I went to a charity event last night at a local brew pub. It was an auction of bicycle parts and accessories to benefit an organization that promotes cycling in low income communities. While there I encountered a colleague of Leslie’s from the VA, someone who had been a good friend of hers, whom I had not seen since her memorial service. I recognized him immediately and we enjoyed touching base, and it was an immediate reminder of how respected Leslie was professionally, and also how delightful she was to work with on a personal level. At the same event was another mutual friend who had paced Leslie when she ran her first marathon. He was an experienced and excellent runner, having completed many marathons in well under three hours. Leslie’s goal was to finish in under four hours, and this friend was sure he could keep a pace that would get her in under that mark (They succeeded). I was able to introduce both these men to each other at the event last night, and share a moment of remembrance on the eve of Leslie’s sixty-second birthday.

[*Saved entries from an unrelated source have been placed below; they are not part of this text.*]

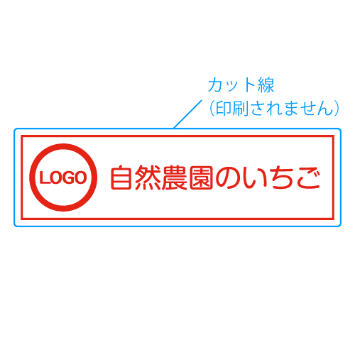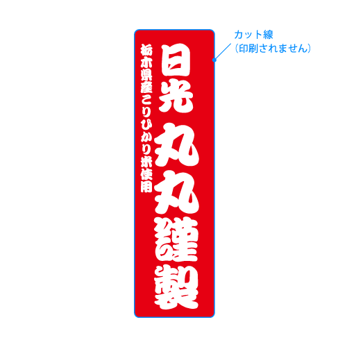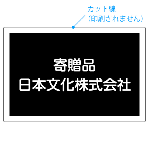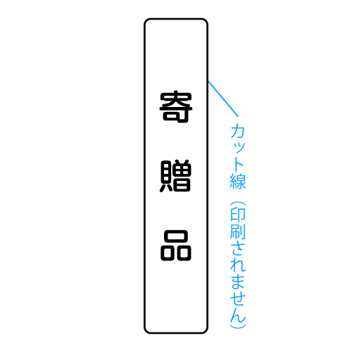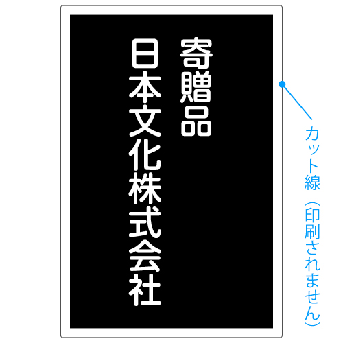 会社名を印字して寄贈品に貼付するシールです。こちらは縦書きのデザインです。
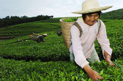 Farmers pick tea leaves in Anlong, Southwest China's Guizhou Province May 30, 2007. Guizhou is one of the country's major tea production bases. [Xinhua]
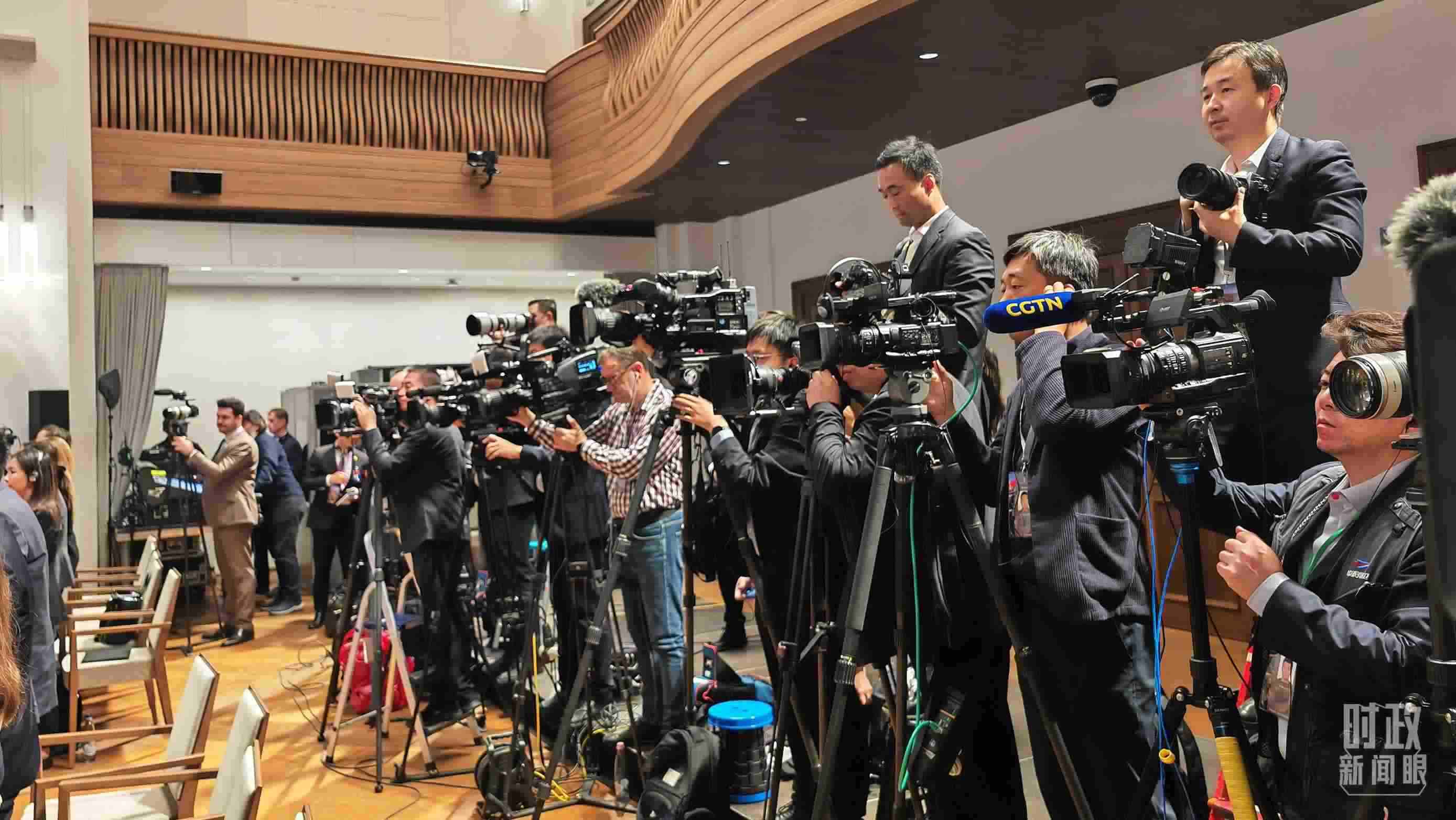 △習主席同歐爾班總理共同會見記者,現(xiàn)場記者云集。(總臺央廣記者馬喆拍攝)
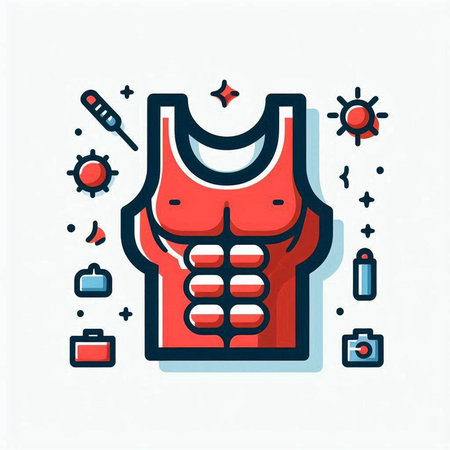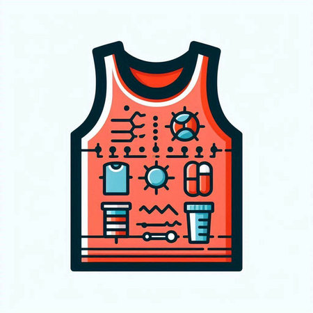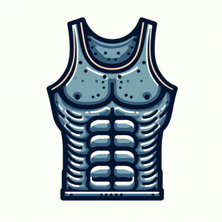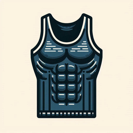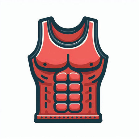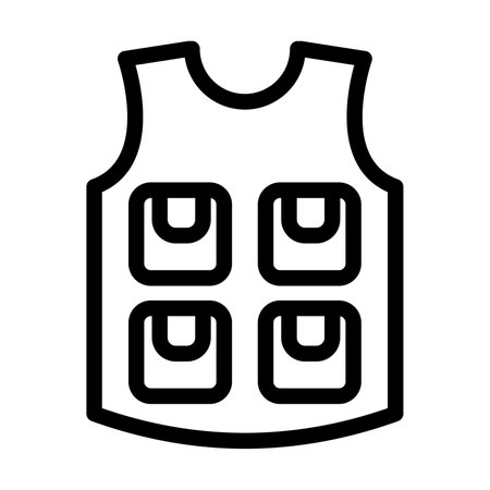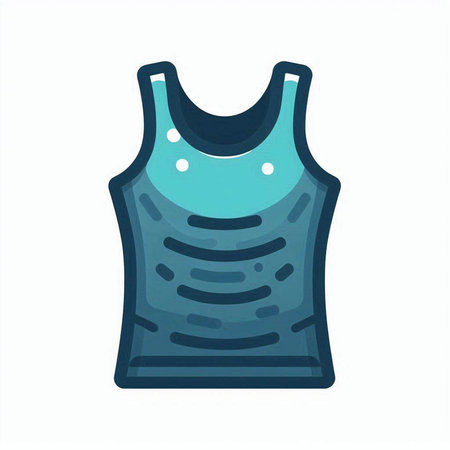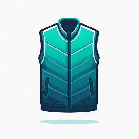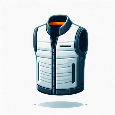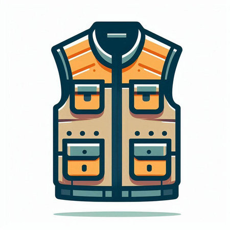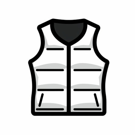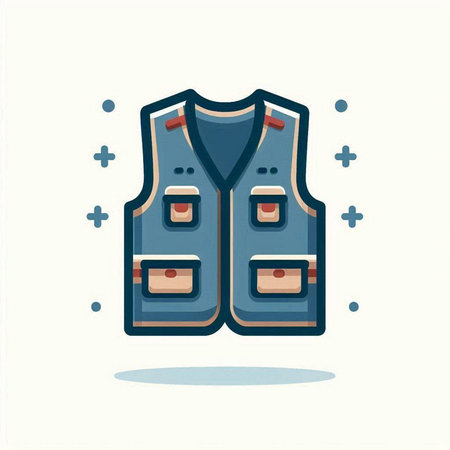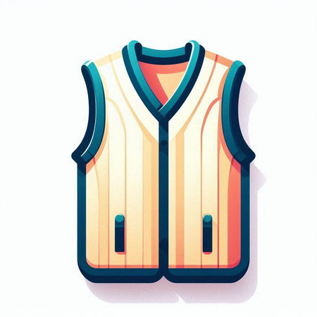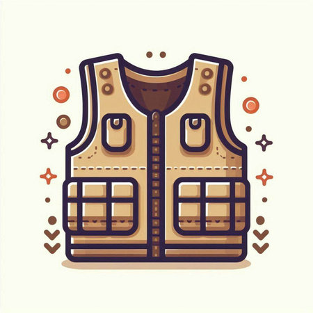a minimalist 2d graphic of a vest, featuring warmcore style and high contrast. the vest is depicted in a simplistic cartoon manner, with personal iconography elements. the white background enhances the goosepunk aesthetic of the illustration. ai generated
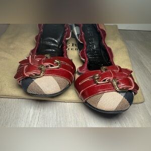 Burberry Bridle Housecheck Plaid Falcony Ballet Flat Sz 35 US 5 Triple Buckle

As I meet new people I come across some with qualities that are similar to those I admired in Leslie. When I meet women who cycle I think of all the times I chased Leslie up the road to the Sandia Crest or up Lookout Mountain. The women I see swimming or running make me think of her dedication to fitness and the hours she spent training for the sprint triathlons she entered. The people I meet through the acoustic music community in the Denver/Boulder area remind me of her playing the mandolin and fiddle, and the fun we had writing parody lyrics to old songs. I hear a lot of talk about various bluegrass festivals around Colorado and elsewhere, and remember Leslie’s account of running off to Telluride with her mandolin in one of the early years of that festival. And, of course, her love of nursing and her devotion to health care had so much to do with who she was and how she lived her life. And I will always think of her easy laugh, and her delight in being around the people she loved.